Кляпа взяла линейку – прозрачную, тридцатисантиметровую, с надписью «Геометрия – друг порядка». Медленно щёлкнула ею по своей ладони. Гриня вздрогнул.

– На четверть оборота вправо, – приказала она чётко, без интонаций, будто вела муштру перед проверкой. Он послушно повернулся. Плечи у него дрожали, ступни скользили по ковру. Он пытался угадать, что будет дальше, и проваливался в этом угадывании.

Она щёлкнула линейкой по его лопаткам. Не сильно. Звук прозвучал звонко и чисто. Затем пальцем медленно нарисовала на его спине какие—то цифры. Что именно – оставалось загадкой. Возможно, это была оценка. А может, номер очереди.

– Ты был плохим мальчиком, – прошептала она, склоняясь к его уху. – Очень плохим. И теперь будешь делать домашку. Сперва в черновике…

Он издал нечленораздельный звук. В нём смешались страх, возбуждение и та самая детская паника, когда не выучил стихотворение, а вызвали к доске. Его глаза расширялись с каждой фразой, он уже не мог притворяться. Он не знал, что это: секс, казнь или проверка.

Кляпа отступила на шаг. Осмотрела импровизированную сцену с удовлетворением дизайнера, завершившего инсталляцию. А затем, словно вспомнив про финальный штрих, наклонилась к нижней полке стеллажа.

– Контрольная, – произнесла она. – Без подготовки.

В её руке оказался половник. Как он туда попал – оставалось вопросом философского толка. Она держала его, как дирижёрскую палочку. Или как жезл судьбы.

– По телесным наказаниям, – добавила она и щёлкнула им по своему бедру. Тихо. Но с намёком.

Валя внутри сжалась до скрипа. Её тело натянулось. Ей хотелось провалиться в щель между подушками дивана и исчезнуть. Но она оставалась зрителем. Заложницей. Свидетельницей.
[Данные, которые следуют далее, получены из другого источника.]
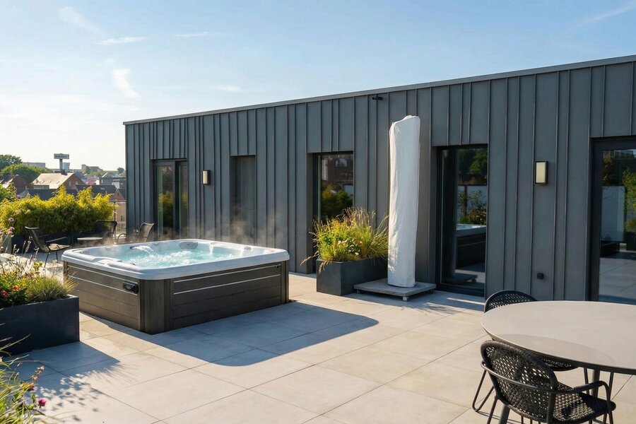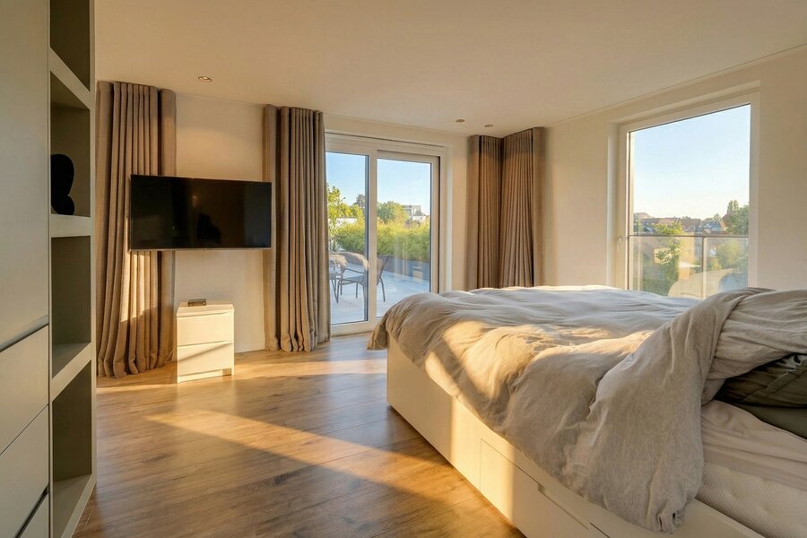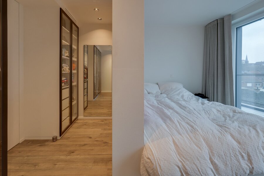 This penthouse enjoys a prime central location, in close proximity to all amenities such as schools, public transport, shops, main roads and the hospital. It is fitted with underfloor heating and an air-conditioning system ensuring optimal comfort all year round. High-performance PVC double-glazed windows, a reinforced entrance door, video intercom and a HI-FI system contribute to the comfort and security of the property. Interior finishes stand out with modern large-format tiles (120 x 120 cm) in the living areas and wood-effect tiling in the bedrooms. The residence features a lift, a mechanical ventilation system (VMC), recessed curtains, a compliant electrical installation and an excellent EPC rating.
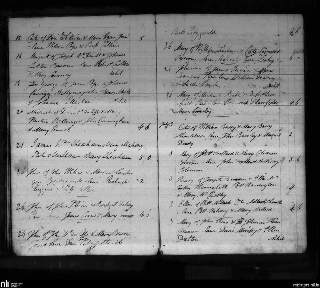 Mallow; County of Cork; Diocese of Cloyne. Baptisms, June 1836 to July 1836

А Кляпа продолжала двигаться. С каждым шагом – всё медленнее, всё увереннее. В этой абсурдной эротике с запахом школьной доски и корпоративного безумия она была актрисой. Сценаристкой. И судом.
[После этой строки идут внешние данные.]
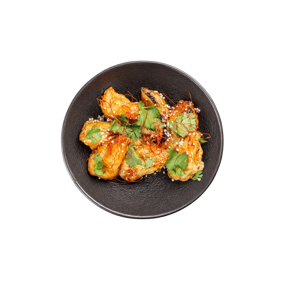 Баклажан,картофельный крахмал, темпура, соус сладкий чили юдзу, воздушный рис, кинза, нити чили
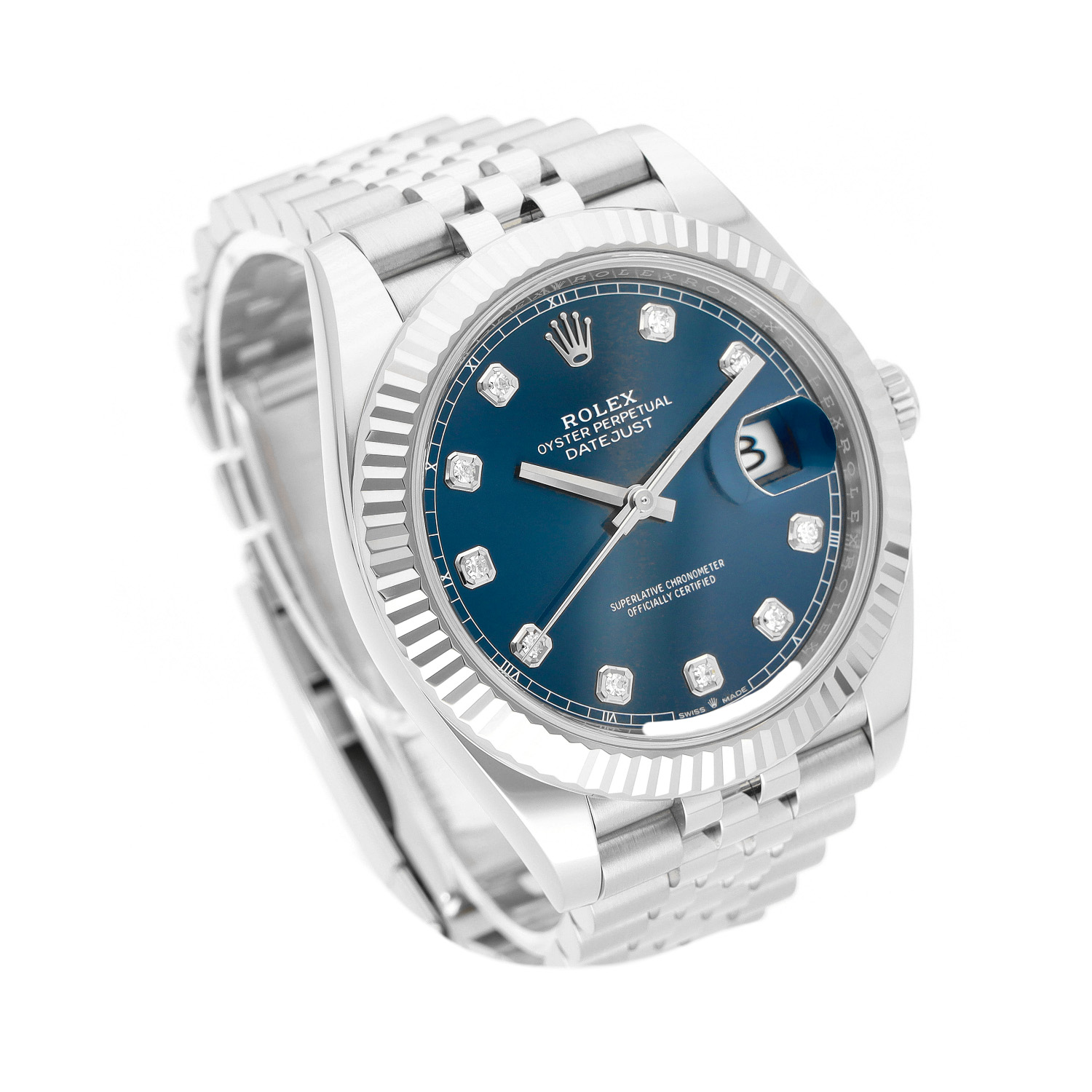 Datejust 41 Ref. 126334 Blue Dial Factory Diamonds Stahl/Weißgold Full Set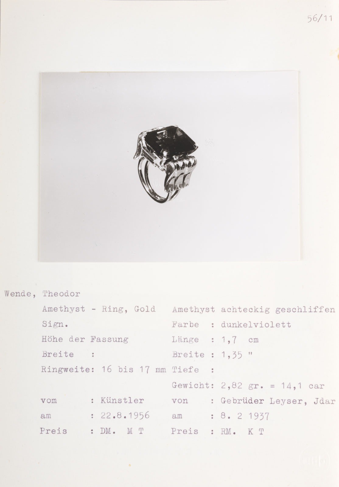 Der Amethyst wurden laut Aufzeichnungen in Idar-Oberstein von der Edelstein-Schleiferei "Gebrüder Leyser" facettiert und am 08.02.1937 erworben. Zum 22.08.1956 fertigte

Кляпа провела ладонью по его груди, будто собираясь вытереть с него пыль. Движение было не резким и не медленным – оно просто случилось, как точка в предложении, где не хватает смысла. Она посмотрела на него с лёгкой насмешкой, но не злой – скорее с тем видом, как на ребёнка, который честно выучил стихотворение про осень и теперь ждёт конфетку.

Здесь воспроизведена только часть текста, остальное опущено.